* Exercise brief *
Give the records again exactly. Pictures do not belong in the copy.

* Source data *
******************************

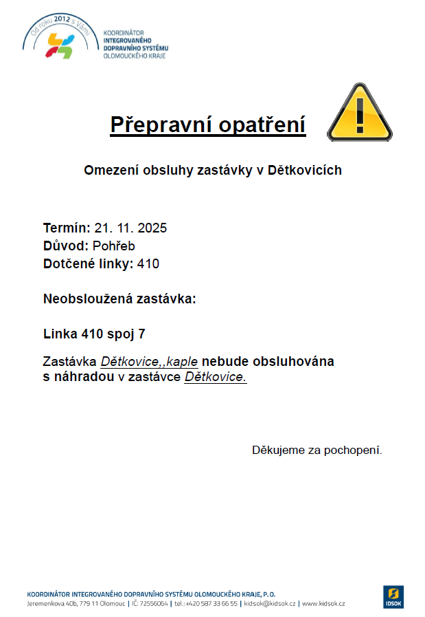 Informujeme občany, že z důvodu konání pohřbu v kapli sv. Anny nebude v pátek 21.11. ve 12.10 hod obsluhována zastávka Dětkovice, kaple (spoj 7, linky 410). Autobus pojede pouze na dolní zastávku.
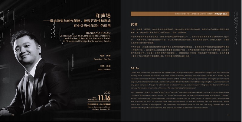2023年11月16日上午,由伟德bv国际体育主办,伟德bv国际体育作曲系、国际当代音乐协会(ISCM)成都分会、西南音乐研究中心作曲技术研究所、中华传统音乐研究院中华传统音乐创新创作中心、音乐数智四川省重点实验室数智化音乐创作中心等共同承办的川流不息·汇入大海——2023成都当代音乐周学术讲座中邀请了中央音乐学院作曲系教师、维也纳环球出版社签约作曲家代博的专题讲座——《和声场——概念流变与创作策略,兼谈五声性和声场在中外当代作品中的运用》。本次讲座由伟德bv国际体育作曲系扈滨教授主持。
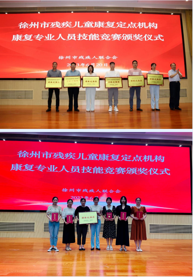 此次竞赛活动分为肢体(脑瘫)和孤独症两个类别,每个类别均由理论考试和实践操作两部分构成,吸引了来自全市43家机构参赛。经过紧张的理论初赛,我院康复科两组类别队伍6名康复治疗师以优异的成绩脱颖而出进入决赛。决赛中,治疗师团队客观准确评估患儿,巧妙设计训练方案,沉着应试,默契配合,体现了ICF架构下团队协作、精准康复的理念。经过激烈角逐,最终获得了多项荣誉,展现了我院康复治疗师的团队风采。 在生机蓬勃,色彩斑斓的盛夏时节,我院康复科团队在此次竞赛活动中硕果累累,收获颇丰,展现了我院康复科的团队实力和强劲的发展势头。一份荣誉一份责任,我们将不断汲取新理念、新知识、新技术,打造规范化的儿童康复诊疗中心,逐步建立覆盖淮海经济区的三级儿童综合康复体系,造福特殊儿童。 科室主要业务范围: 康复科主要收治小儿发育障碍性疾病及各类疾病造成的功能障碍:脑损伤高危儿、运动发育迟缓、语言发育迟缓、孤独症谱系障碍、脑性瘫痪、智力发育迟缓、吞咽障碍、各类疾病造成的脑损伤(如脑炎、脊髓炎、脑外伤、脑肿瘤术后、癫痫术后、颅脑外伤等)、周围神经损伤(如面神经麻痹、臂丛神经损伤、腓总神经损伤等)、各类神经系统慢性疾病的康复(如脊髓性肌萎缩、进行性肌营养不良等)、骨科相关畸形及骨折术后、遗传代谢性疾病及染色体、基因病等。 科室特色诊疗项目: 1、高危儿诊断和治疗 2、语言发育迟缓诊断和治疗 3、孤独症儿童早期综合干预模式 4、磁刺激神经调控治疗 5、肉毒毒素注射治疗 6、吞咽功能训练、吞咽障碍球囊扩张术 7、视觉康复 8、中医特色诊疗 9、儿童体型体态异常综合防控体系 康复科门诊坐诊时间
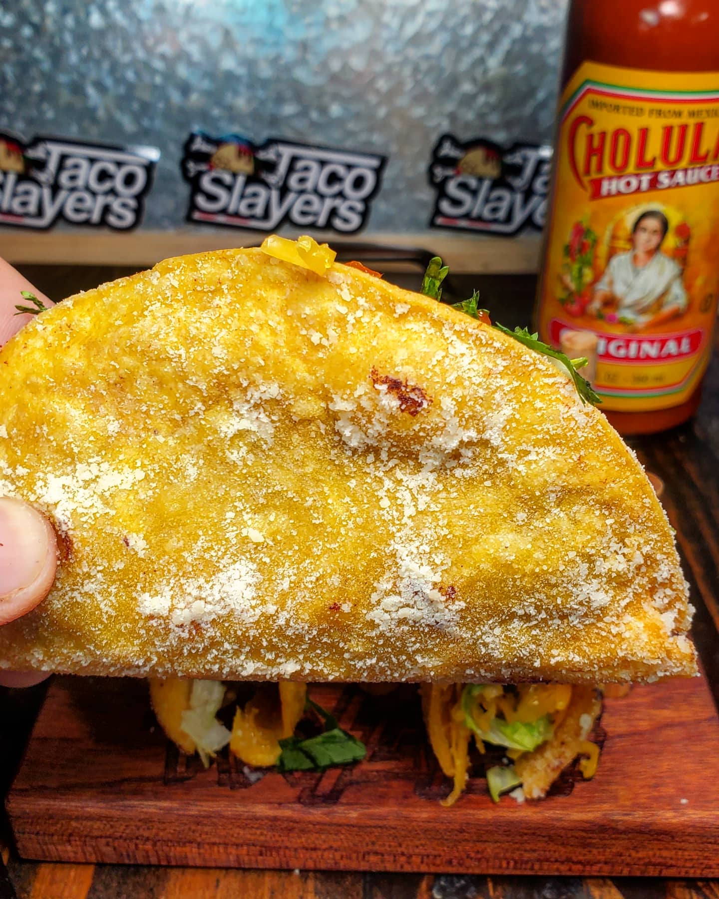 The idea is to place raw seasoned ground beef into a tortilla and fry it until the meat is cooked and the tortillas are crispy. Once my tacos are fried up I dust the outsides in parmesan before I add in all the toppings: lettuce, tomato, onion, cheese, cilantro and for these tacos copious amounts of @cholulahotsauce …
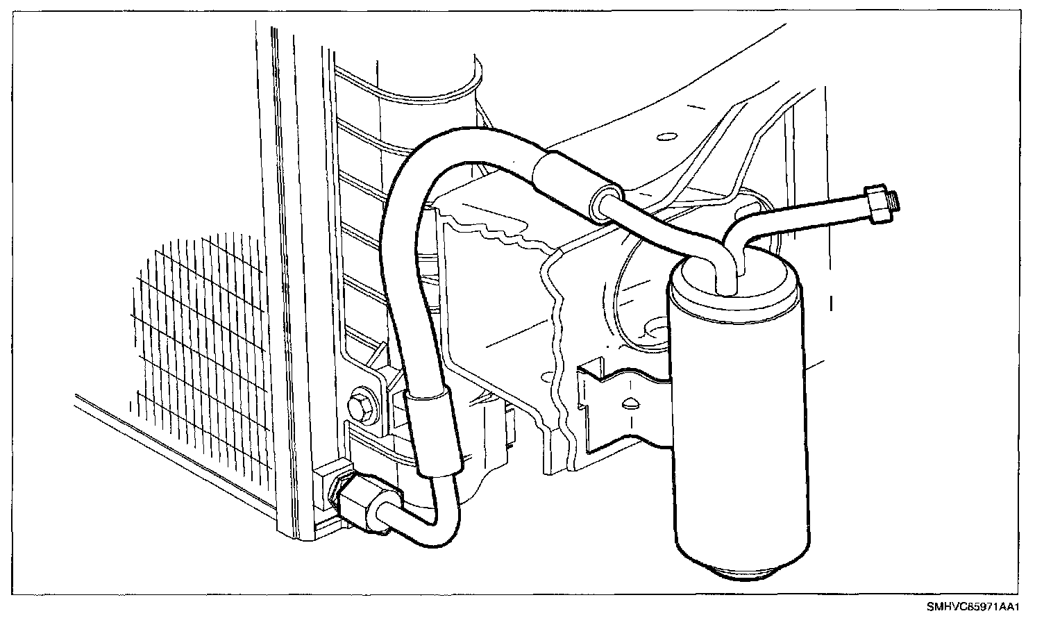 Connected to the condenser assembly outlet pipe, the sealed receiver - dehydrator assembly acts as a refrigerant storage container receiving R-134a liquid.
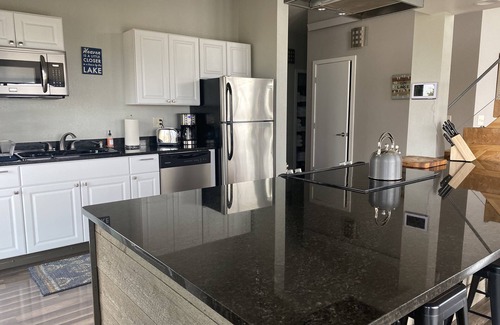 Our lake house is an open concept, modern design with natural light and nice finishes. The house is steps away from Georgetown Lake and has unobstructed lake views, a glass-enclosed porch with large charcoal barbecue, and nice outdoor furniture. A cozy reading loft located above the kitchen has a smart TV and futon. Master bedroom boasts a king bed, twin bunk bed, smart TV, lake view, private bathroom w/shower, and second bedroom has a queen bed and twin bunk. Second bathroom has a tub/shower. We even have a pack ‘n play and eating chair for the little ones! Modern kitchen with granite counters and stainless steel appliances, wood-burning fireplace, washer and dryer, a smart TV in the loft above the kitchen, and WiFi internet. Your stay includes all the comforts of home.
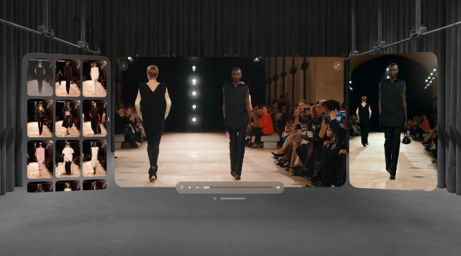 该体验采用Blackmagic URSA Cine Immersive摄像机拍摄,拍摄视角让宾客置身于其中一条T台通道的尽头。模特们径直朝用户走来,然后转身展示服装的剪裁和动态。
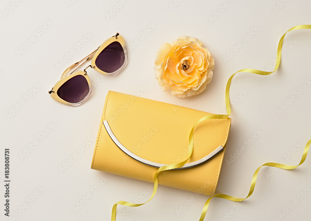 Fashion Woman Accessories Set. Pastel Color. Flat lay. Trendy fashion Yellow Handbag Clutch, Glamour Sunglasses. Flower. Luxury Spring lady. Art Design. Minimal Style
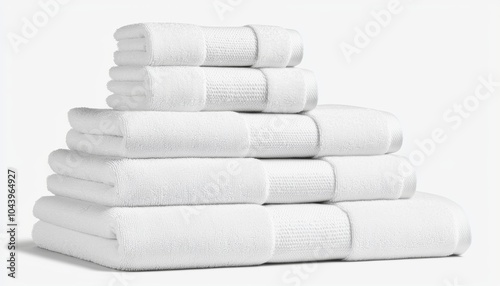 A stack of white towels, neatly folded and isolated on a white background, showing the soft texture and clean edges
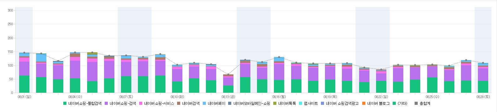8월 초 150을 넘었던 유입수는 100까지 하락한 후 도무지 올라올 생각을 안 한다. 여름 시즌이 끝이라 그런 것도 있고 여러모로 상품들이 상위 노출이 안돼서 유입이 안 되는 것 같다. 지난주만 해도 60~80까지 하락한 적도 있어지만 이번 주는 그래도 안정적인 100을 유지했다.
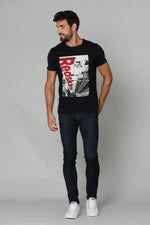 Prachtig FLOOR HONDA ZWART t-shirt van het merk REDSKINS, goedgekeurd door menté met een schitterende print; geïnspireerde Hong Kong-daken aan de voorkant.
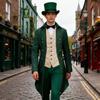 Nuevo Estilo Irlandés Europeo y Americano Pajarita Frac Ropa Medieval Retro Abrigo Punk de Longitud Media Disfraz de Fiesta y Performance
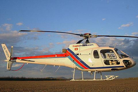 | 5R-MVN of Helimission at Ivato - Photo courtesy of Samuel Marti © May-02 | HB-XON of Stiftung Heli-Mission fresh overhauled at Samedan - Photo by Hanjörg Pfäffli © 16-Dec-13 |
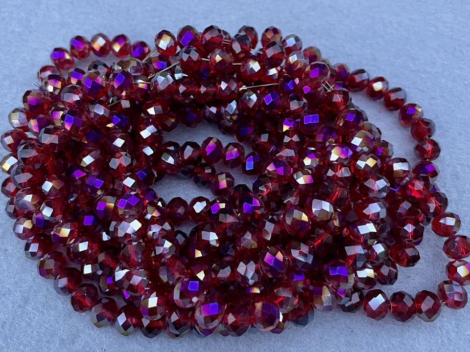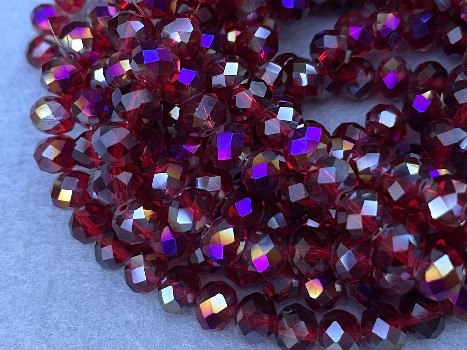 Кришталеві намистини, грановані. Розмір: 8*7мм, отвір: 1,5мм. Форма: рондель, сфера (еліпсоїд). У нитці: 70+-3шт. Ціна за 1 нитку.
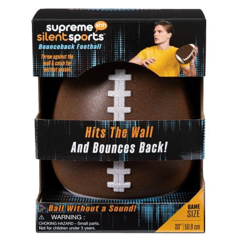 Supreme Silent Sports Bounceback Football The Supreme Silent Sports Bounceback Football delivers quiet, indoor-friendly play with its premium foam design that dampens sound. Perfect for solo practice, it bounces back when thrown against hard surfaces, helping improve passing accuracy, reaction time, and hand-eye coordination.

******************************

* Answer box *
 Informujeme občany, že z důvodu konání pohřbu v kapli sv. Anny nebude v pátek 21.11. ve 12.10 hod obsluhována zastávka Dětkovice, kaple (spoj 7, linky 410). Autobus pojede pouze na dolní zastávku.
2023年11月16日上午,由伟德bv国际体育主办,伟德bv国际体育作曲系、国际当代音乐协会(ISCM)成都分会、西南音乐研究中心作曲技术研究所、中华传统音乐研究院中华传统音乐创新创作中心、音乐数智四川省重点实验室数智化音乐创作中心等共同承办的川流不息·汇入大海——2023成都当代音乐周学术讲座中邀请了中央音乐学院作曲系教师、维也纳环球出版社签约作曲家代博的专题讲座——《和声场——概念流变与创作策略,兼谈五声性和声场在中外当代作品中的运用》。本次讲座由伟德bv国际体育作曲系扈滨教授主持。
 此次竞赛活动分为肢体(脑瘫)和孤独症两个类别,每个类别均由理论考试和实践操作两部分构成,吸引了来自全市43家机构参赛。经过紧张的理论初赛,我院康复科两组类别队伍6名康复治疗师以优异的成绩脱颖而出进入决赛。决赛中,治疗师团队客观准确评估患儿,巧妙设计训练方案,沉着应试,默契配合,体现了ICF架构下团队协作、精准康复的理念。经过激烈角逐,最终获得了多项荣誉,展现了我院康复治疗师的团队风采。 在生机蓬勃,色彩斑斓的盛夏时节,我院康复科团队在此次竞赛活动中硕果累累,收获颇丰,展现了我院康复科的团队实力和强劲的发展势头。一份荣誉一份责任,我们将不断汲取新理念、新知识、新技术,打造规范化的儿童康复诊疗中心,逐步建立覆盖淮海经济区的三级儿童综合康复体系,造福特殊儿童。 科室主要业务范围: 康复科主要收治小儿发育障碍性疾病及各类疾病造成的功能障碍:脑损伤高危儿、运动发育迟缓、语言发育迟缓、孤独症谱系障碍、脑性瘫痪、智力发育迟缓、吞咽障碍、各类疾病造成的脑损伤(如脑炎、脊髓炎、脑外伤、脑肿瘤术后、癫痫术后、颅脑外伤等)、周围神经损伤(如面神经麻痹、臂丛神经损伤、腓总神经损伤等)、各类神经系统慢性疾病的康复(如脊髓性肌萎缩、进行性肌营养不良等)、骨科相关畸形及骨折术后、遗传代谢性疾病及染色体、基因病等。 科室特色诊疗项目: 1、高危儿诊断和治疗 2、语言发育迟缓诊断和治疗 3、孤独症儿童早期综合干预模式 4、磁刺激神经调控治疗 5、肉毒毒素注射治疗 6、吞咽功能训练、吞咽障碍球囊扩张术 7、视觉康复 8、中医特色诊疗 9、儿童体型体态异常综合防控体系 康复科门诊坐诊时间
 The idea is to place raw seasoned ground beef into a tortilla and fry it until the meat is cooked and the tortillas are crispy. Once my tacos are fried up I dust the outsides in parmesan before I add in all the toppings: lettuce, tomato, onion, cheese, cilantro and for these tacos copious amounts of @cholulahotsauce …
 Connected to the condenser assembly outlet pipe, the sealed receiver - dehydrator assembly acts as a refrigerant storage container receiving R-134a liquid.
 Our lake house is an open concept, modern design with natural light and nice finishes. The house is steps away from Georgetown Lake and has unobstructed lake views, a glass-enclosed porch with large charcoal barbecue, and nice outdoor furniture. A cozy reading loft located above the kitchen has a smart TV and futon. Master bedroom boasts a king bed, twin bunk bed, smart TV, lake view, private bathroom w/shower, and second bedroom has a queen bed and twin bunk. Second bathroom has a tub/shower. We even have a pack ‘n play and eating chair for the little ones! Modern kitchen with granite counters and stainless steel appliances, wood-burning fireplace, washer and dryer, a smart TV in the loft above the kitchen, and WiFi internet. Your stay includes all the comforts of home.
 该体验采用Blackmagic URSA Cine Immersive摄像机拍摄,拍摄视角让宾客置身于其中一条T台通道的尽头。模特们径直朝用户走来,然后转身展示服装的剪裁和动态。
 Fashion Woman Accessories Set. Pastel Color. Flat lay. Trendy fashion Yellow Handbag Clutch, Glamour Sunglasses. Flower. Luxury Spring lady. Art Design. Minimal Style
 A stack of white towels, neatly folded and isolated on a white background, showing the soft texture and clean edges
8월 초 150을 넘었던 유입수는 100까지 하락한 후 도무지 올라올 생각을 안 한다. 여름 시즌이 끝이라 그런 것도 있고 여러모로 상품들이 상위 노출이 안돼서 유입이 안 되는 것 같다. 지난주만 해도 60~80까지 하락한 적도 있어지만 이번 주는 그래도 안정적인 100을 유지했다.
 Prachtig FLOOR HONDA ZWART t-shirt van het merk REDSKINS, goedgekeurd door menté met een schitterende print; geïnspireerde Hong Kong-daken aan de voorkant.
 Nuevo Estilo Irlandés Europeo y Americano Pajarita Frac Ropa Medieval Retro Abrigo Punk de Longitud Media Disfraz de Fiesta y Performance
 | 5R-MVN of Helimission at Ivato - Photo courtesy of Samuel Marti © May-02 | HB-XON of Stiftung Heli-Mission fresh overhauled at Samedan - Photo by Hanjörg Pfäffli © 16-Dec-13 |
 Кришталеві намистини, грановані. Розмір: 8*7мм, отвір: 1,5мм. Форма: рондель, сфера (еліпсоїд). У нитці: 70+-3шт. Ціна за 1 нитку.
 Supreme Silent Sports Bounceback Football The Supreme Silent Sports Bounceback Football delivers quiet, indoor-friendly play with its premium foam design that dampens sound. Perfect for solo practice, it bounces back when thrown against hard surfaces, helping improve passing accuracy, reaction time, and hand-eye coordination.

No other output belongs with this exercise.